When I run curl 10.10.10.11 I get a different pod responding for each request as you would expect from round robin. This is the behaviour I want.

I have now setup HAProxy with a backend pointing to 10.10.10.11, however each time I access the HAProxy frontend, I get the same node responding to each request. If I keep refreshing I intermittently get different pods, sometimes after 20 refreshes, sometimes after 50+ refreshes. I have tried clearing my browser history, but that has no effect.

I assume it is my HAProxy config which is the cause the problem, perhaps caching? but I have not configured any caching. I am a HAProxy newbie, so I might be missing something.
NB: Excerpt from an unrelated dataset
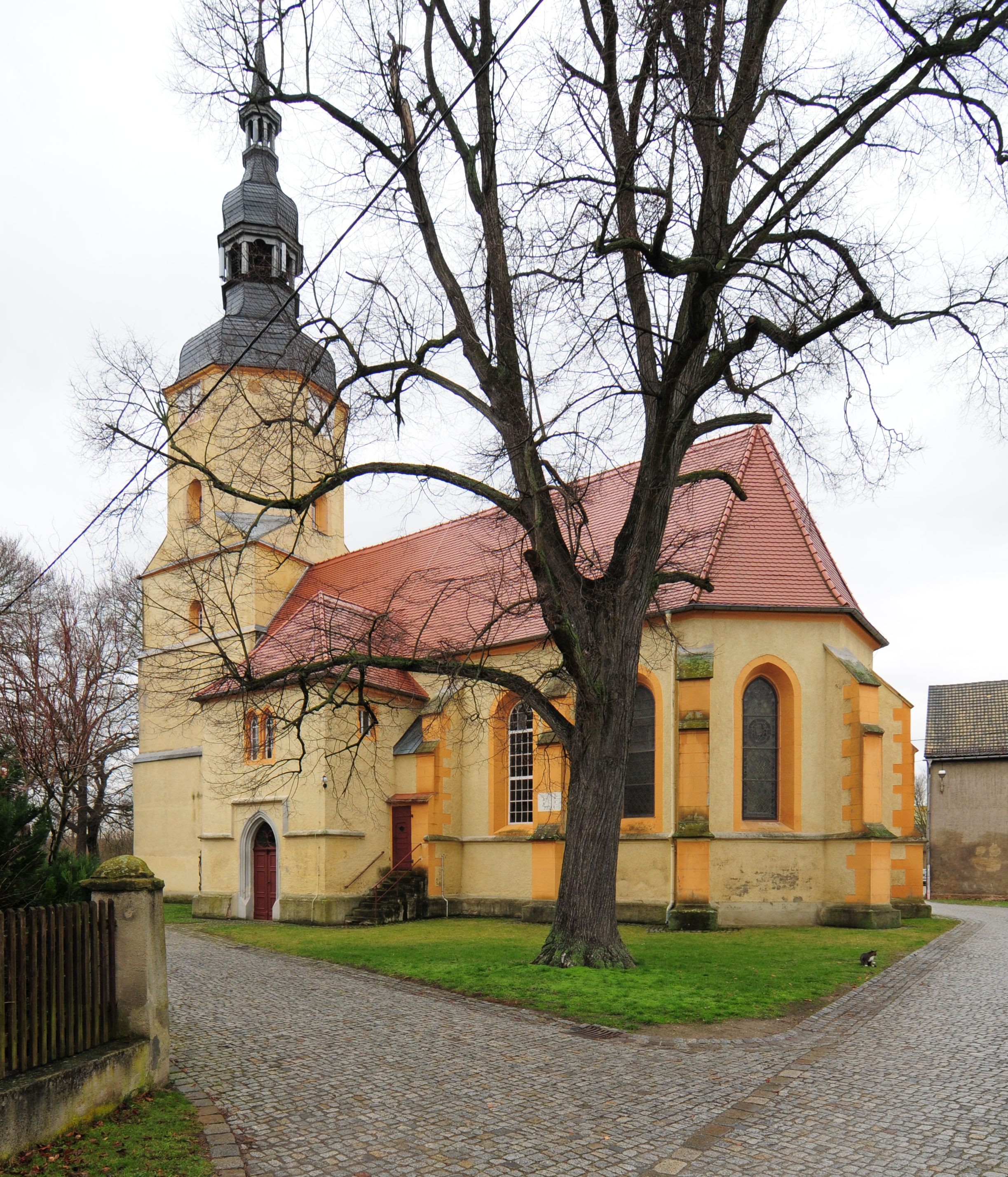 Treben, parish church, general view (district Altenburger Land, Free State of Thuringia, Germany)

Here is my HAProxy config.

I have tried both mode tcp and mode http, but both give the same result (the same pod responding to each request)

global
    log /dev/log    local0
    log /dev/log    local1 notice
    chroot /var/lib/haproxy
    stats socket /run/haproxy/admin.sock mode 660 level admin expose-fd listeners
    stats timeout 30s
    user haproxy
    group haproxy
    daemon

    # Default SSL material locations
    ca-base /home/simon/haproxy/haproxy_certs
    crt-base /home/simon/haproxy/haproxy_certs

    # See: https://ssl-config.mozilla.org/#server=haproxy&server-version=2.0.3&config=intermediate
        ssl-default-bind-ciphers ECDHE-ECDSA-AES128-GCM-SHA256:ECDHE-RSA-AES128-GCM-SHA256:ECDHE-ECDSA-AES256-GCM-SHA384:ECDHE-RSA-AES256-GCM-SHA384:ECDHE-ECDSA-CHACHA20-POLY1305:ECDHE-RSA-CHACHA20-POLY1305:DHE-RSA-AES128-GCM-SHA256:DHE-RSA-AES256-GCM-SHA384
        ssl-default-bind-ciphersuites TLS_AES_128_GCM_SHA256:TLS_AES_256_GCM_SHA384:TLS_CHACHA20_POLY1305_SHA256
        ssl-default-bind-options ssl-min-ver TLSv1.2 no-tls-tickets

defaults
    log global
    option  httplog
    option  dontlognull
    timeout connect 5000
    timeout client  50000
    timeout server  50000
    errorfile 400 /etc/haproxy/errors/400.http
    errorfile 403 /etc/haproxy/errors/403.http
    errorfile 408 /etc/haproxy/errors/408.http
    errorfile 500 /etc/haproxy/errors/500.http
    errorfile 502 /etc/haproxy/errors/502.http
    errorfile 503 /etc/haproxy/errors/503.http
    errorfile 504 /etc/haproxy/errors/504.http

frontend https
    bind *:443 ssl crt /home/simon/haproxy/haproxy_certs
    timeout client 60s
    mode tcp

    #Hello App
    acl ACL_hello_app hdr(host) -i hello.xxxxxxxxxdomain2.com
    use_backend hello_app if ACL_hello_app

    #Nginx App
    acl ACL_nginx_app hdr(host) -i nginx.xxxxxxxxxdomain1.com
    use_backend nginx_app if ACL_nginx_app

backend hello_app
    timeout connect 10s
    timeout server 100s
    mode tcp
    server hello_app    10.10.10.11:80

backend nginx_app
    mode tcp
    server nginx_app    10.10.10.10:80

UPDATE

Upon further testing the the issue seems to be related to the timeout client, timeout connect, timeout server. I reduce these to 1 second, then I get a different POD every 1 second, however these times are so short, I also get intermittent connection failures.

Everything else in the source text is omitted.